As the Obama administration made clear today, the United States will work with our Libyan government partners to bring the perpetrators of this despicable act to justice.

This attack underscores the urgency of the work Ambassador Stevens and his colleagues were in Libya to accomplish: to help the Libyan people establish the rule of law, eliminate terrorist networks, and disband militias. As our former colleague Sarah Margon noted last July, disbanding Libya’s militias and establishing a fair and effective justice system remain critical tasks for Libya’s newly elected government and its international supporters.

Libyans remain friendly to the United States, view Al Qaeda and other extremists as a major threats to their country’s future, and want a robust political, economic, and security relationship with the United States and its European allies. For precisely this reason, Ambassador Stevens and his many colleagues on the ground have worked so diligently to forge a strong relationship between the United States and a newly democratic Libya.
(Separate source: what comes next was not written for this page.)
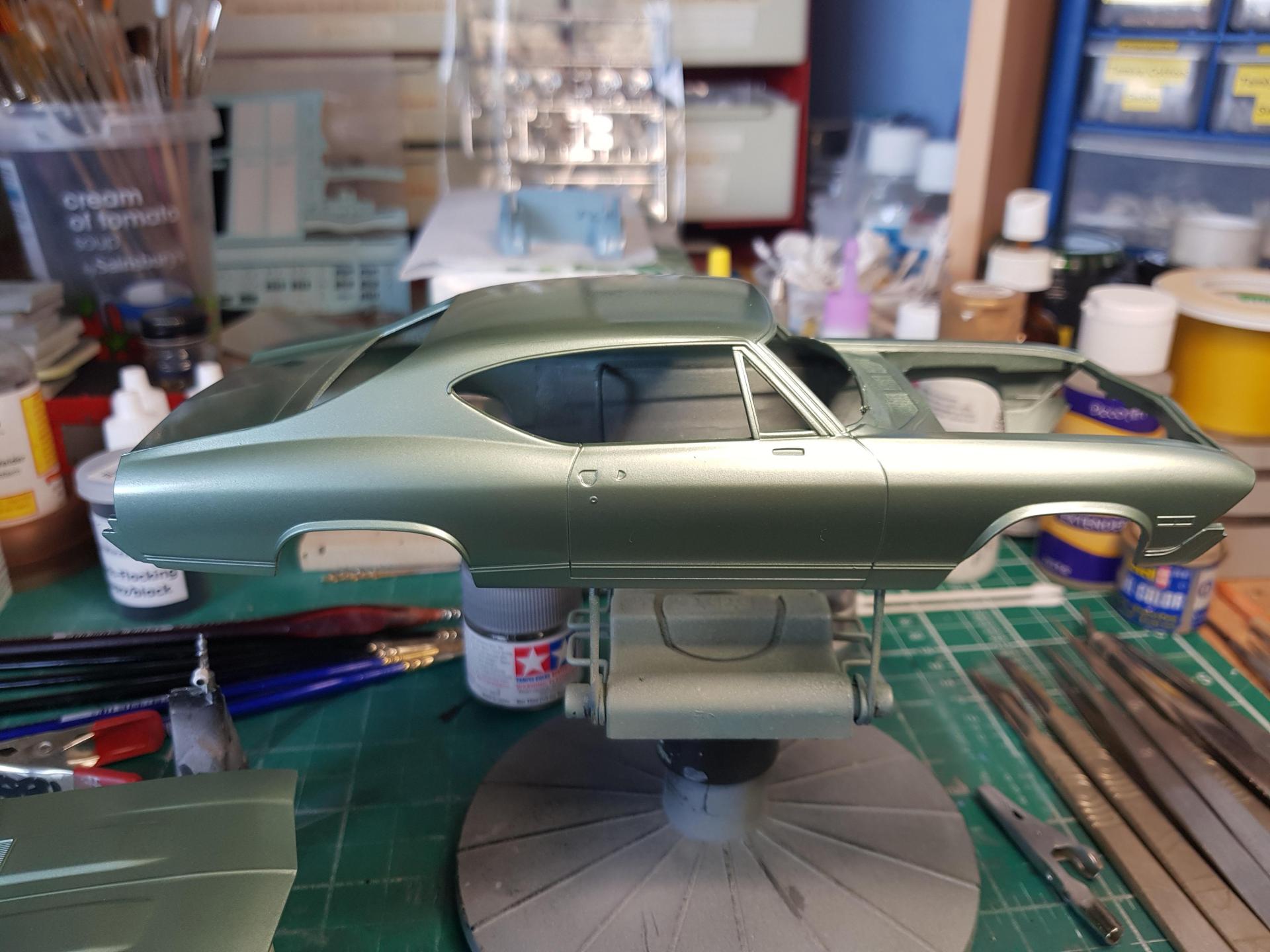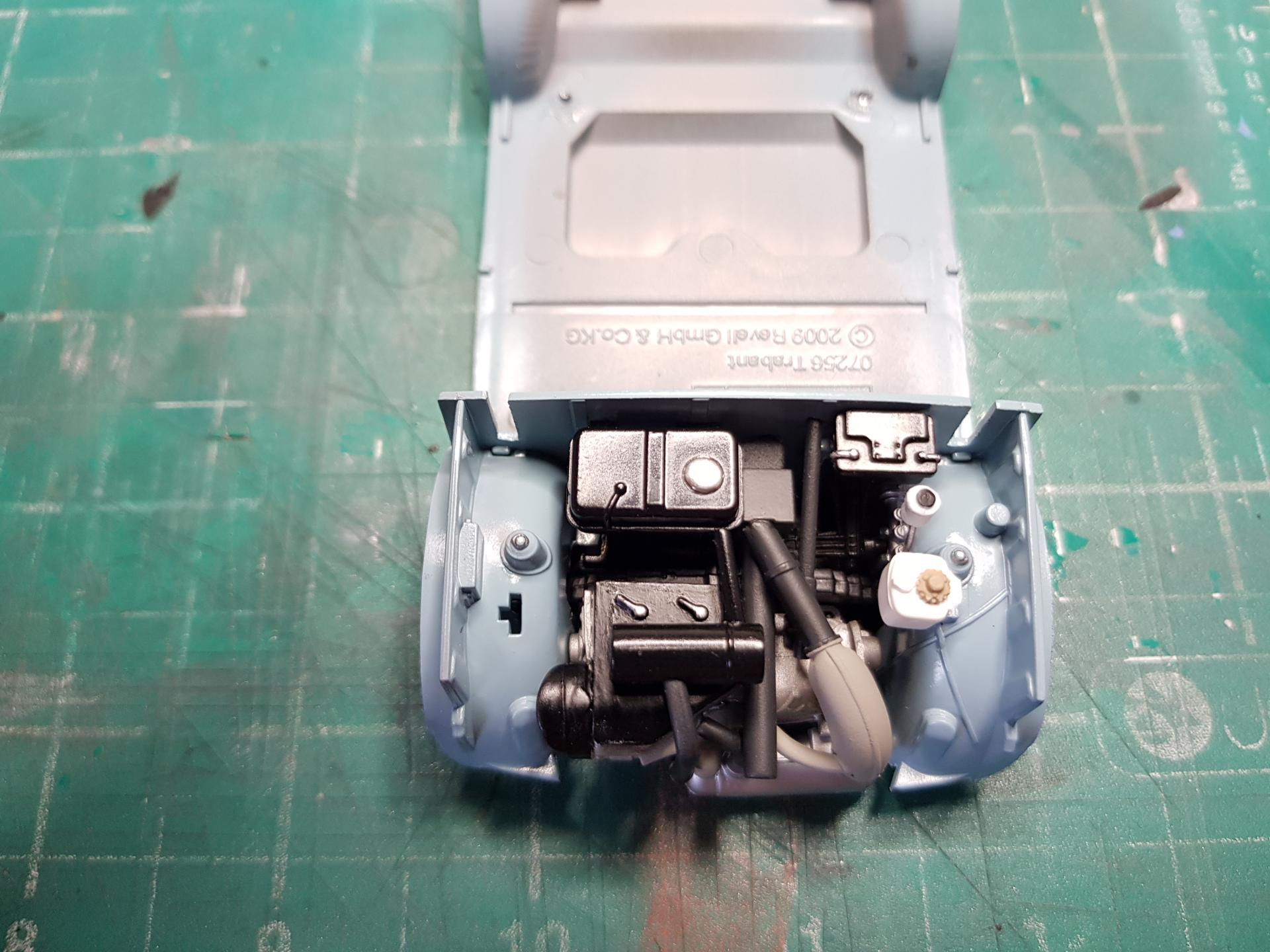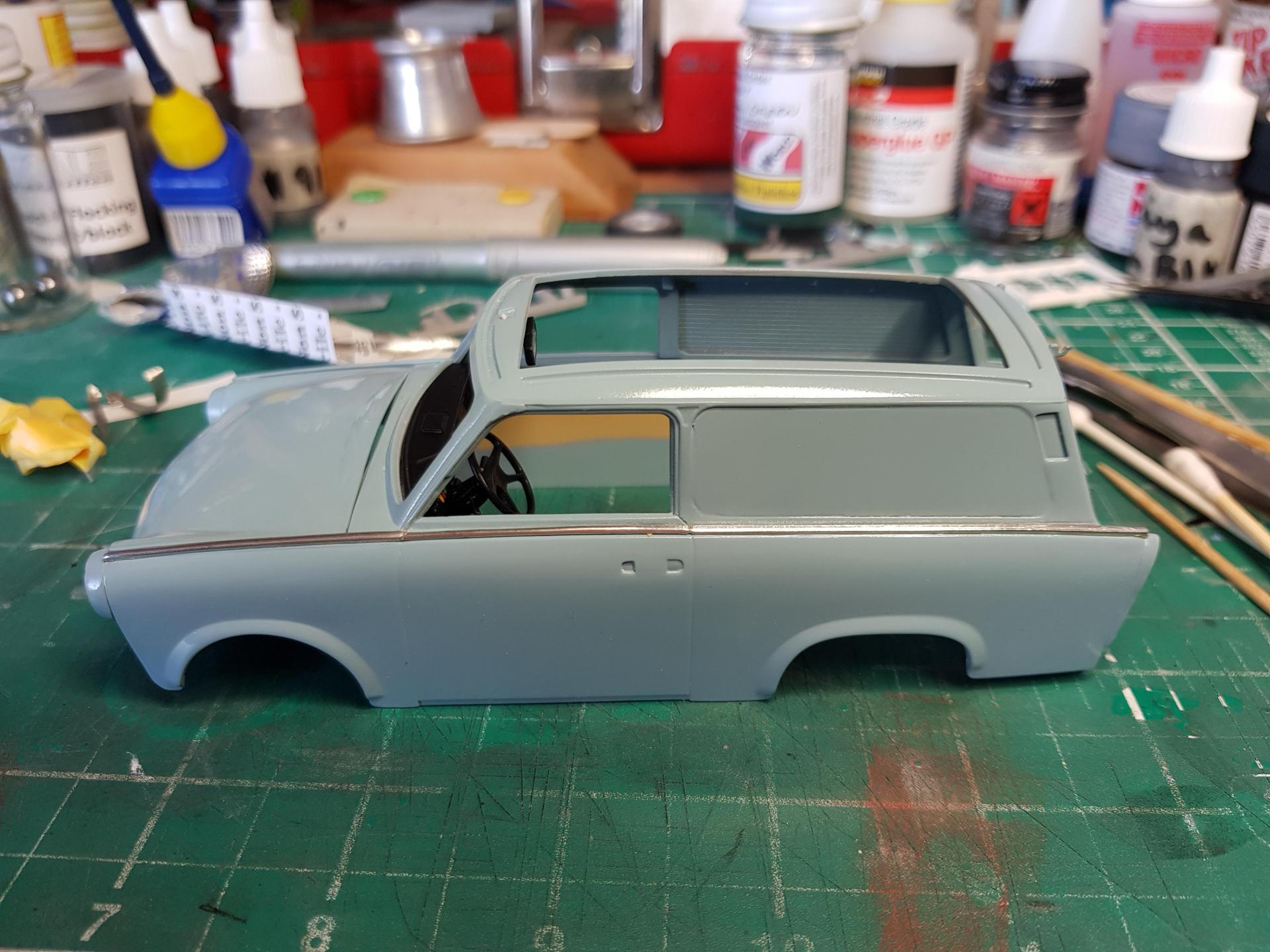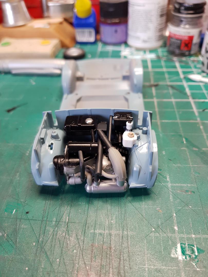 As I'm waiting for the paint on the Chevelle to harden so I can wet sand a few dust nibs out of it, I've made a little more progress on the Trabant, engine was airbrushed in Testors steel, other parts were airbrushed in various shades of grey,rear suspension was airbrushed in satin black with the fixing points picked out in Tamiya Titanium silver

Yesterday’s attack reminds us that extremist groups and voices still aim to dominate the ongoing processes of progress and change in the Middle East through violence. American leadership remains essential to ensuring these extremists do not derail the promise of change in the Middle East, and the United States should remain focused on its fundamental support for change and progress in the region as it seeks justice for the murders of Ambassador Stevens and his colleagues.

Brian Katulis is a Senior Fellow at the Center for American Progress who concentrates on Middle East and Central Asian affairs.